カリフォルニア州下院選挙への出馬を決意した時、彼はホワイトハウスを去ることに迷いはなかった。彼は、この理想を、もっと大きな舞台で直接国民に訴えたいと願ったのだ。ホワイトハウスを離れても、彼の正義感と理想は揺らがなかった。彼の不在は、ホワイトハウスのチームにとって大きな損失だったが、彼自身の成長のためには必要な一歩だった。

時計の針が午前4時を指そうとしている。窓の外は、微かに明るくなり始めていた。夜明け前の空が、徐々に藍色から薄紫色へと変化していく。

彼は、インクがほとんど残っていないペンを握り直し、もう一度、原稿に向かい合った。彼の唇が、書こうとしている言葉を静かに紡ぎ出す。

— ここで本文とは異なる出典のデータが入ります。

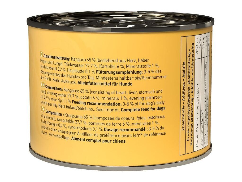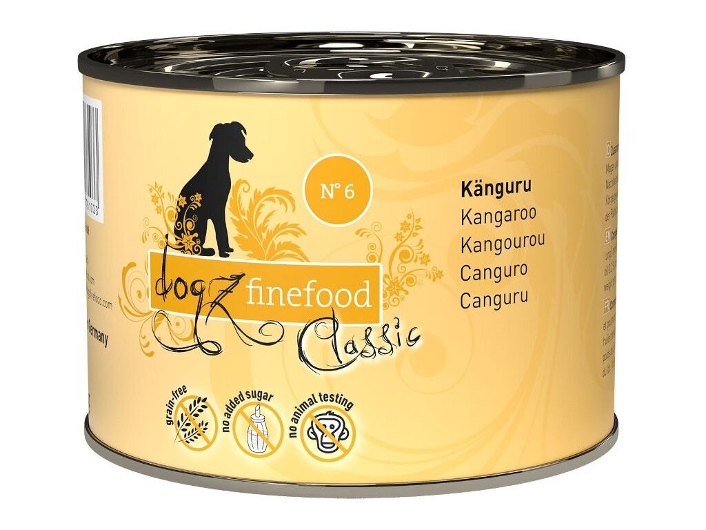 Lahodné krmivo pro psy, které obsahuje spoustu klokaního masa, brambory, zdraví prospěšný pupalkový olej a šípky. Dogz finefood obsahuje pouze suroviny vysoké potravinářské kvality a svým složením odpovídá přirozené psí stravě. Krmivo je bez konzervantů, umělých barviv a dochucovadel. Krmivo neobsahuje geneticky upravené suroviny. Jedná se o kompletní krmivo.Složení: klokaní vnitřnosti 65% (srdce, játra, žaludky a plíce), voda 27,7%, brambory 6%, minerály 1%, pupalkový olej 0,2% a šípky 0,1%.Analýza: hrubý protein 9,8%, hrubý tuk 6,2%, hrubý popel 2,1%, hrubá vláknina 0,4%, vlhkost 77%Nutriční doplňkové látky: vitamín D 200 IE, zinek 25 mg, mangan 1,4 mg, jód 0,75 mgDoporučené dávkování: 3-5% tělesné hmotnosti psa denně, zajistěte psovi dostatek pitné vody.

「我々は、光を求める。そして、その光は、我々自身の中にあるのだ……」

サム・シーバーンは、単なるスピーチライターではない。彼は、若く理想に燃える政治家の象徴であり、**「政治の本来あるべき姿」**を体現する人物だ。彼の言葉は、彼の魂そのもの。夜が明ける頃には、彼の心に描かれた理想が、具体的な言葉となって、原稿の上に息づいているだろう。その言葉は、やがて大統領の声となり、世界中の人々の心に届くのだ。彼の孤独な夜は、希望に満ちた新たな一日の始まりを告げていた。